You build a system to answer questions about your company’s HR policies.

Manual testing: “Hey, let me try 3 questions. Seems fine!”

Evaluation-based testing:

  • Test dataset: 100 HR policy questions
  • Your system: 73 correct, 27 incorrect
  • Accuracy score: 73%
  • After you improve chunking: 84 correct
  • New accuracy: 84%
  • Confidence: The change worked

Why This Matters

Before you have evals:

  • You don’t know if changes make things better or worse
  • You can’t catch regressions (new code breaking old functionality)
  • You can’t compare different approaches objectively

After you have evals:

  • Every code change has a score
  • You know exactly what improved and what got worse
  • You can make data-driven decisions

The Two-Part System

Every RAG system has two components to evaluate:

1. Retrieval: Did you find the right documents?

  • Input: User question
  • Output: List of relevant documents
  • Metric: Did the most relevant document appear in your top results?

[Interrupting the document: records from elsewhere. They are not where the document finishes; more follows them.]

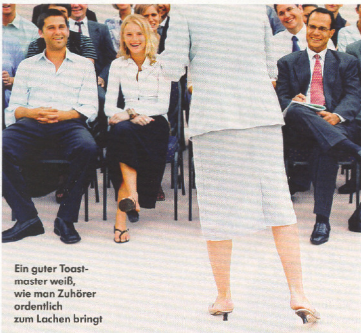
Ein guter Toastmaster weiß, wie man Zuhörer ordentlich zum Lachen bringt

Rhetorik lernen ohne Langleweiligkeit und Englisch sprechen ohne Qual – das sind die Nebeneffekte von „Toastmaster-Treffen“, bei denen es hauptsächlich ums Redenschwingen geht – und zwar ums Redenschwingen mit Vergnügen. Toastmaster-Clubs haben sich mittlerweile weltweit organisiert. In über 9000 Vereinen treffen sich rund 180 000 Mitglieder, zwanzig Vereine gibt es allein in Deutschland: von Berlin bis Ulm. Gesprochen wird meistens Englisch, hin und wieder auch Französisch oder Deutsch. Mitglied werden kann jeder, der Interesse hat, für einen Jahresbeitrag von rund 60 Euro.
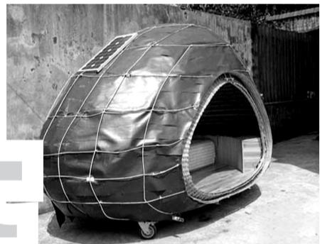
披上“外衣”,装上太阳能板
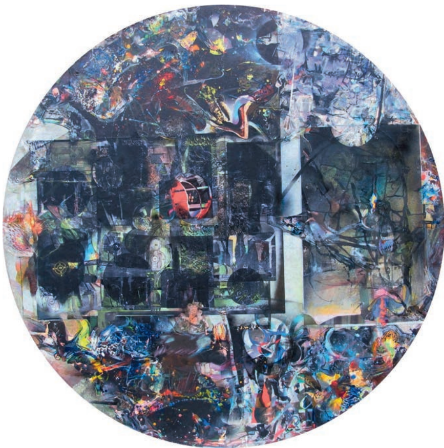
Okno III, 2009, akryl, olej i autocollage na drewnie, ø 150 cm
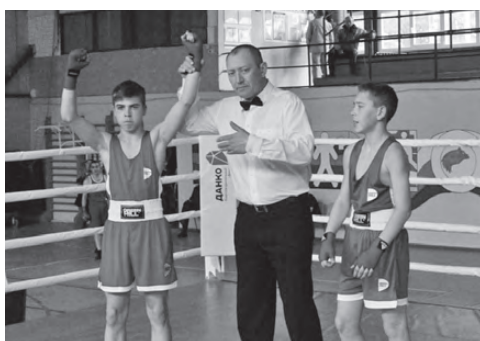
Турнир по боксу на Кубок главы АГО набирает обороты
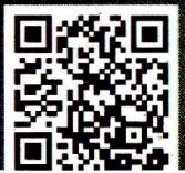
Elon Musk CEO DE TESLA Y X
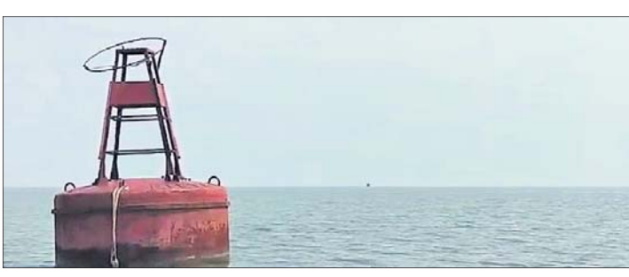
ଭୋଗରାଇ, ୪।୧୧ (ପ୍ରବାସ ବାସ)

ଓଡ଼ିଶା ସାମାଜିକ ବାଲେଶ୍ୱର ଜିଲ୍ଲା ଭୋଗରାଇ ବ୍ଲକ ଉଦୟପୁର ସମୂହକୁଳରେ ସୋମବାର ଜାହାଜର ଦିଗ ନିର୍ଣ୍ଣୟ ଯନ୍ତ୍ର (ବର୍ଯ୍ୟ) ମହାସଜାବାଳ ଦ୍ୱାରା ଠାବ କରାଯାଇଛି । ସମ୍ବନ୍ଧିତ ଏହି ଦିଗନିର୍ଣ୍ଣୟ ଯନ୍ତ୍ର ସମୂହର ଉଦ୍ଦାରକ ଡେଉରେ ଗଭୀର ସମୁଦ୍ରକୁ ଭାସିଆସି କୁଳଆଡ଼କୁ ଆସିଛି । ଘ୍ନାନୀୟ ମହାସଜାବାଳାଙ୍କ ଅନ୍ୟ ତଳା ଓ କ୍ଷିତ୍ରକୋଚରେ କୁଳକୁ ଆଶିଷ୍ଟି । ଉଦୟପୁର ବେଳାଭୂମିକୁ ଆଗତ ପର୍ଯ୍ୟଟକମାନେ ଭକ୍ତ ଯନ୍ତ୍ରକୁ ଦେଖିବା ଲାଗି ଭିଡ଼ ଜମାଇଛନ୍ତି । ସୂଚନାନ୍ତୁଯାୟୀ ଗଭୀର ସମୁଦ୍ରରେ
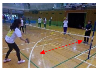
ディンクショット練習1 正面の方と1対1 ノーバウンドで返す
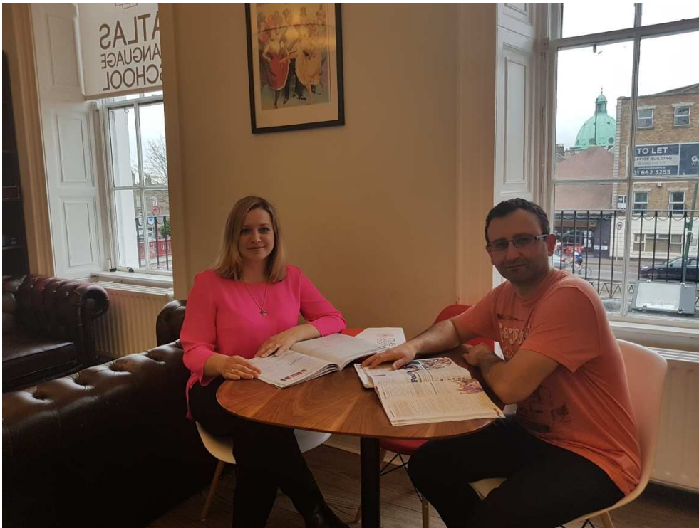
Biblioteka w szkole językowej Atlas

Jeszcze przed przyjazdem do szkoły językowej dostaliśmy link z testem pisemnym badającym nasz poziom znajomości języka angielskiego. Egzamin obejmował 50 pytań, głównie z zakresu gramatyki i słowotwórstwa. Po przyjeździe do szkoły dodatkowo odbył się egzamin ustny. Podzielono nas na 2- osobowe zespoły (starając się łączyć osoby z różnych krajów), a następnie mieliśmy rozmowę z nauczycielami. Rozmowa dotyczyła naszych zainteresowań, pracy zawodowej oraz oczekiwań wobec kursu. Po przydzieleniu do dwóch różnych grup, każdy z nas otrzymał książkę, materiały dydaktyczne oraz mapę Dublinia z praktycznymi wskazówkami.
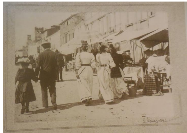
Quattro passi al mercato di Noale (1887-90)
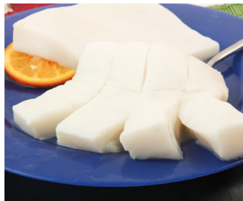
902111 · PV Manto de Calamar CH
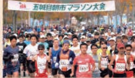
▲10月25日 五城目朝市500年記念マラソンを開催。1,022人が参加。
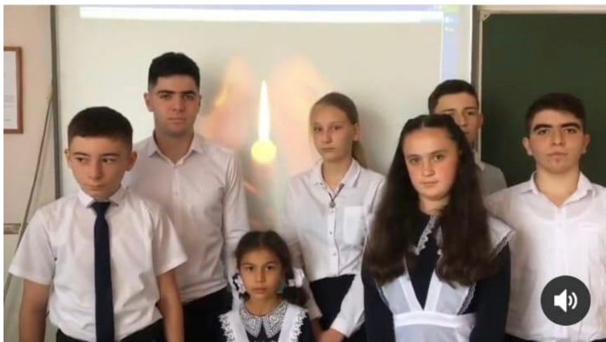
Вахта памяти « Помним Беслан »

2. Generation: Did you create the right answer?

  • Input: Question + Retrieved documents
  • Output: Generated answer
  • Metric: Is the answer correct and supported by the documents?

If retrieval fails, generation can’t succeed. If you retrieve the wrong documents, even the best language model can’t give the right answer.


Part 2: Basic Evaluation Metrics

Retrieval Metrics

These measure how well your system finds relevant documents.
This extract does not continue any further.